The recodeflow universe
MockData is part of the recodeflow universe — a metadata-driven approach to variable recoding and harmonisation. The core philosophy is to define variable transformations once in metadata files, then reuse those definitions for harmonisation, documentation, and mock data generation.
Design principles:
- Metadata-driven: Variable definitions and recode rules live in structured metadata (CSV files)
- Reusable: Same metadata drives harmonisation code, documentation, and testing data
- Survey-focused: Built for health surveys (CCHS, CHMS) but applicable to any categorical/continuous data
- Open and reproducible: Transparent recode logic that anyone can inspect and verify
Related packages:
- cchsflow: Harmonisation workflows for Canadian Community Health Survey (CCHS)
- chmsflow: Harmonisation workflows for Canadian Health Measures Survey (CHMS)

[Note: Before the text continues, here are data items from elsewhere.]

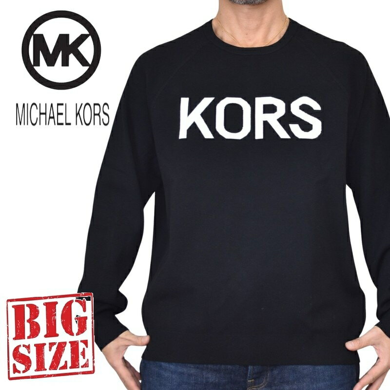 大きいサイズ メンズ MK MICHAEL KORS マイケルコース 長袖 ニット セーター ロゴ インターシャ KORS ラグラン クルーネック プルオーバー ブラック 黒 XXL 33,000 ~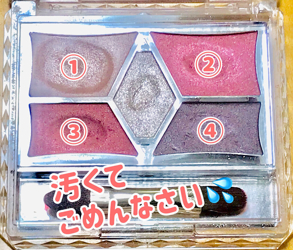 発色・・・薄めで、ブラシで取るより指で塗った方が濃く出る。 テクスチャ・・・粉っぽくサラサラ。 タイプ・・・全てのシャドウにラメが入っているのでキラキラしやすく、可愛い半面マットより扱いづらい。 実際塗ってみると、案外黄色い肌にも馴染んでくれました!ラメが多いため、顔中キラキラになりかけるので注意。 チップがついていますが、市販のものを購入して塗った方がもっと綺麗に発色しそうです。 人によって合う合わないあると思うので、ぜひ一度ツイステ民に試して欲しいパレットです(๑ơ ơ)♥️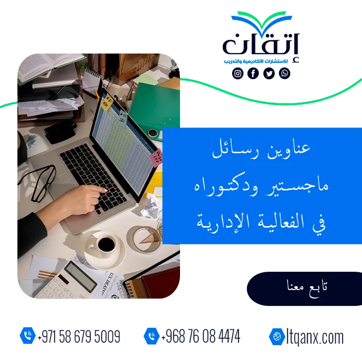لم تعد الفعالية الإدارية مجرد إطار نظري بل أصبحت معيارًا حاسمًا لنجاح المؤسسات وقدرتها على تحقيق أهدافها بكفاءة واستدامة في بيئات عمل متغيرة، وقد أسهم هذا التحول في ازدياد الطلب على عناوين رسائل ماجستير ودكتوراه في الفعالية الإدارية بوصفها مدخلًا علميًا لتحليل جودة الأداء والقرارات الإدارية، وانطلاقًا من إدراكها العميق لأهمية هذا المجال لدى الباحثين تتميز شركة إتقان للاستشارات الأكاديمية والتدريب بجودة خدماتها وكفاءتها الإبداعية، مستندةً إلى فريق عمل متميز وذو خبرة بحثية راسخة، ولهذا قدمت إتقان باقة متكاملة من أحدث وأهم العناوين البحثية لدعم الباحثين وتمكينهم من بناء دراسات رصينة.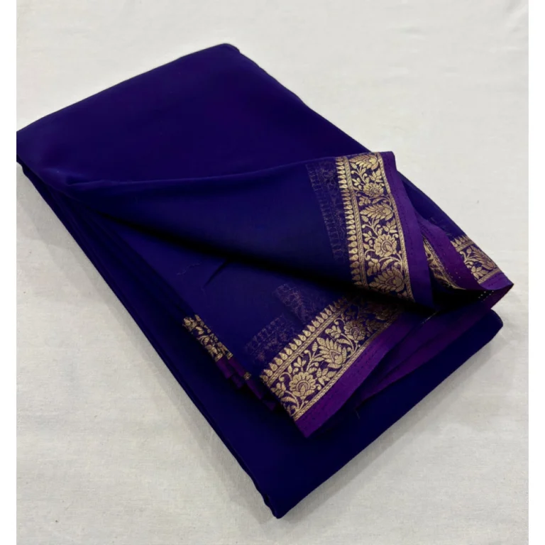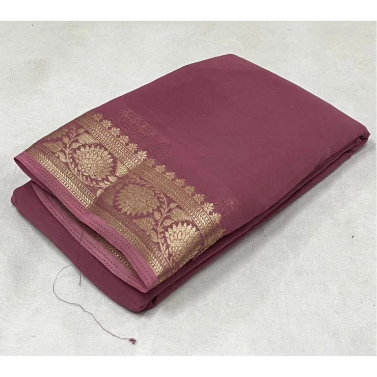 Women’s Crepe Chit Pallu Solid Saree With Unstitched Blouse 5.5Mtr

- recodeflow: Core metadata specifications and utilities
Data sources and acknowledgements
The example metadata in this package is derived from:
- Canadian Community Health Survey (CCHS) — Statistics Canada
- Canadian Health Measures Survey (CHMS) — Statistics Canada
Statistics Canada Open License:
The use of CCHS and CHMS metadata examples in this package falls under Statistics Canada’s Open License, which permits use, reproduction, and distribution of Statistics Canada data products. We acknowledge Statistics Canada as the source of the survey designs and variable definitions that informed our example metadata files.
Important: This package generates mock data only. It does not contain, distribute, or provide access to any actual Statistics Canada microdata. Real CCHS and CHMS data are available through Statistics Canada’s Research Data Centres (RDCs) and Public Use Microdata Files (PUMFs) under appropriate data access agreements.
For more information: Statistics Canada Open License
Development environment setup
This package uses renv for reproducible package development environments.
R version compatibility
- Supported: R 4.3.x - 4.4.x
- Lockfile baseline: R 4.4.2 (institutional environments typically run 1-2 versions behind current)
- The renv lockfile works across this version range - minor R version differences are handled automatically
Daily development workflow
# Install new packages as normal
install.packages("packagename")
# After adding dependencies to DESCRIPTION:
devtools::install_dev_deps() # Install updated dependencies
renv::snapshot() # Update lockfile
# Commit the updated renv.lock file
# Check environment status anytime:
renv::status()Building documentation and site
# Generate function documentation
devtools::document()
# Install the package (required before building site)
devtools::install(upgrade = 'never')
# Build pkgdown site (requires Quarto installed)
pkgdown::build_site()
# Run tests
devtools::test()Troubleshooting
# If packages seem out of sync:
renv::status()
# To update package versions:
renv::update()
renv::snapshot()
# To restore to lockfile state:
renv::restore()For more details, see CONTRIBUTING.md.